• **SUPPLIED DATA**
--- START ---
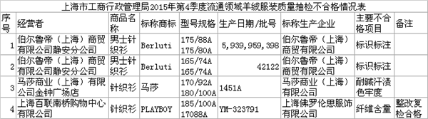 上海:4个批次羊绒服装抽检不合格
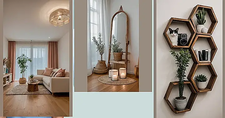 Check out these awesome hexagon shelves! They’re like a beehive for your home, but way cooler. You can totally deck them out with plants, books, even a grumpy-but-cute cat like the one pictured (don’t tell him I called him grumpy!). It’s a super stylish way to add some personality to your room without breaking the bank – proof that luxury home decor doesn’t have to cost a fortune!
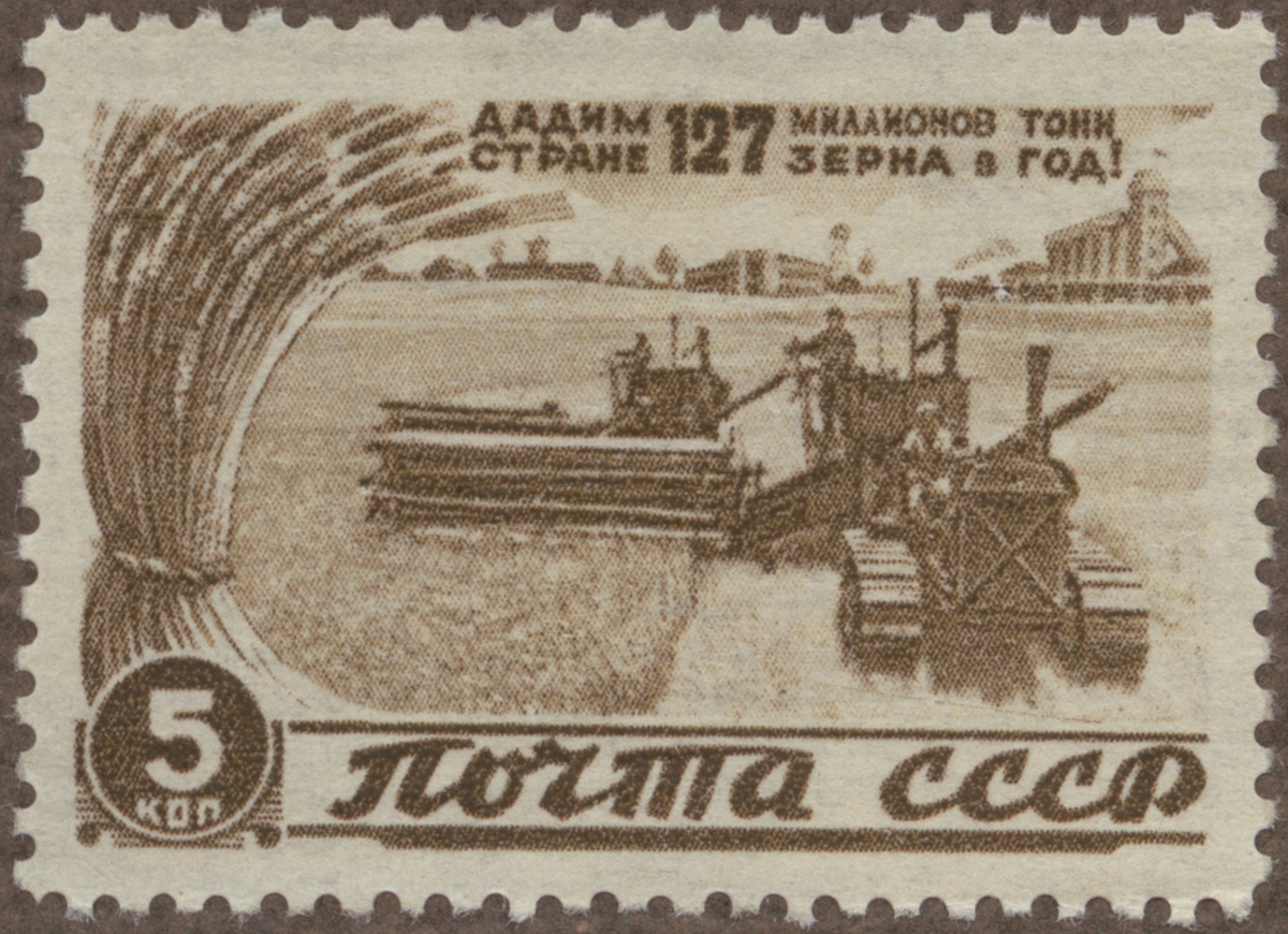Frimärke från Ryssland, 1946. Motiv av Traktordragen skördemaskin Stalins fem-årsplan 1946: "Giv landet varje år 127 tons spannmål"
--- END ---
• **WHAT YOU NEED TO DO**
Using the material above, return every line exactly as it appears, minus the pictures.

• **WORKED SOLUTION**
 上海:4个批次羊绒服装抽检不合格
 Check out these awesome hexagon shelves! They’re like a beehive for your home, but way cooler. You can totally deck them out with plants, books, even a grumpy-but-cute cat like the one pictured (don’t tell him I called him grumpy!). It’s a super stylish way to add some personality to your room without breaking the bank – proof that luxury home decor doesn’t have to cost a fortune!
Frimärke från Ryssland, 1946. Motiv av Traktordragen skördemaskin Stalins fem-årsplan 1946: "Giv landet varje år 127 tons spannmål"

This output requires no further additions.